Consider the measure space $(\mathbb{R} \times \mathbb{R}, \mathcal{B} \otimes \mathcal{B}, \lambda \otimes \lambda)$ where $\lambda$ is the Lebesgue measure on $(\mathbb{R}, \mathcal{B})$. Since $\lambda$ is $\sigma$-finite, $\lambda \otimes \lambda (B_1 \times B_2) = \lambda(B_1) \cdot \lambda(B_2)$ for $B_1, B_2 \in \mathcal{B}$ (right?).

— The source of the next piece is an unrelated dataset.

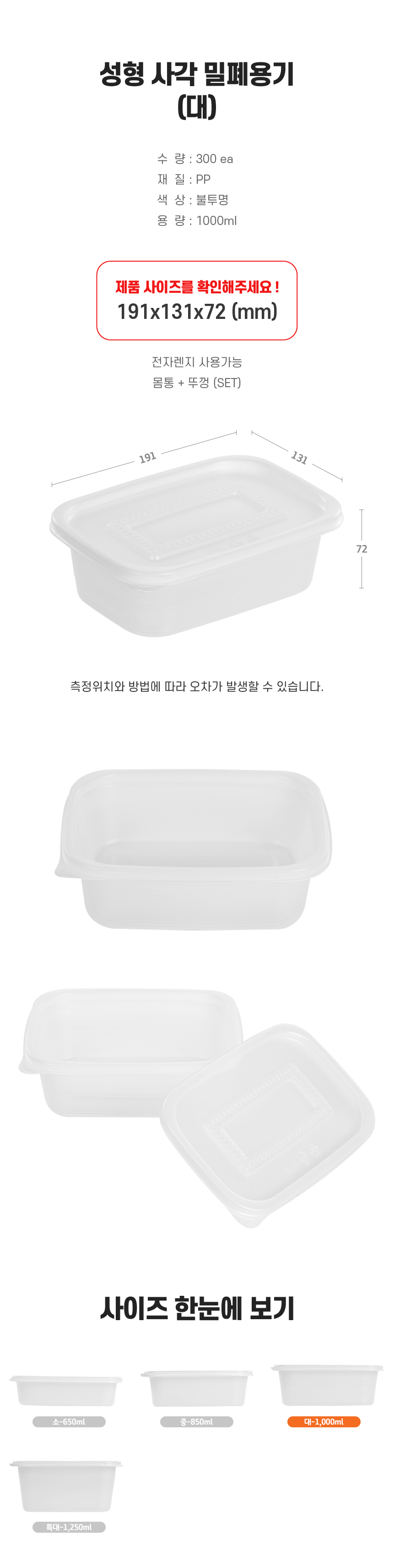 성형사각밀폐 죽용기(대)

Then consider the set $\{(x,y) \in \mathbb{R}^2 : x=y\}$. Firstly, how do we know this set is Lebesgue-measurable, and secondly, how would we define the Lebesgue measure of this set? Apparently it is zero, but why?

Answer 1

Let $A=\{(x,y)\in\mathbb{R}^2:x=y\}$. You could use that $B\otimes B$ are the Borel sets on $\mathbb{R}^2$ so a closed subset of $\mathbb{R}^2$ is measurable. If you don't know that yet you can go from first principles: Divide $A$ into a countable union of $A_n = \{(x,y)\in A: -n\leq x\leq n\}$. Show that $A_n$ is measurable by starting with the square $B=[-n,n]\times[-n,n]$ and consecutively cutting out other squares to approximate the line. That way you can also show that the complement of $A_n$ in $B$ has measure $4n^2$ equal to the measure of $B$ and hence $\lambda\times\lambda(A_n)=0$. Since $A$ is the union of such sets it is also of measure $0$.

Answer 2

(I include $0$ in the set N of natural numbers). Let $a_0 =0$ and let $a_n=\sum_{j=1}^{j=n} (1/j)$ for positive integer $ n$ . Observe that $$a_{n+1}<a_n +(1/n) \text { for } n>0$$ and $$k= \sum_{n \in N} (a_{n+1}-a_n)^2 =\sum _{n=1}^{\infty} (1/n^2)< \infty.$$ Now for $ d>0$ let $S(0,d)$ be the interior of the square centered at $(0,0)$ with opposite corners at $(da_1,da_1)=(d,d)$ and $(-da_1,-da_1)=(-d,-d)$. For $n>0$ let $S(n,d)$ be the interior of the square centered at $(da_n,da_n)$ with opposite corners at $(d( a_n -1/n),d(a_n-1/n))$ and $(d(a_n+1/n),d(a_n+1/n))$. For negative integer $ n $ let $S(n,d)=\{(x,y) :(-x,-y) \in S(-n,d) \}$..................... We have now $$\{(x,x) :x \in R\} \subset \bigcup_{n \in Z} S(n,d) =T(d)$$ and $$\lambda (T(d)) \le \sum_{n \in Z} \lambda (S(n,d) =4d^2(1+2k).$$ Since $k$ is fixed (BTW $k= \pi^2/6$), and $d$ can be arbitrarily small, we have $$\lambda (\{(x,x) :x \in R\})=0.$$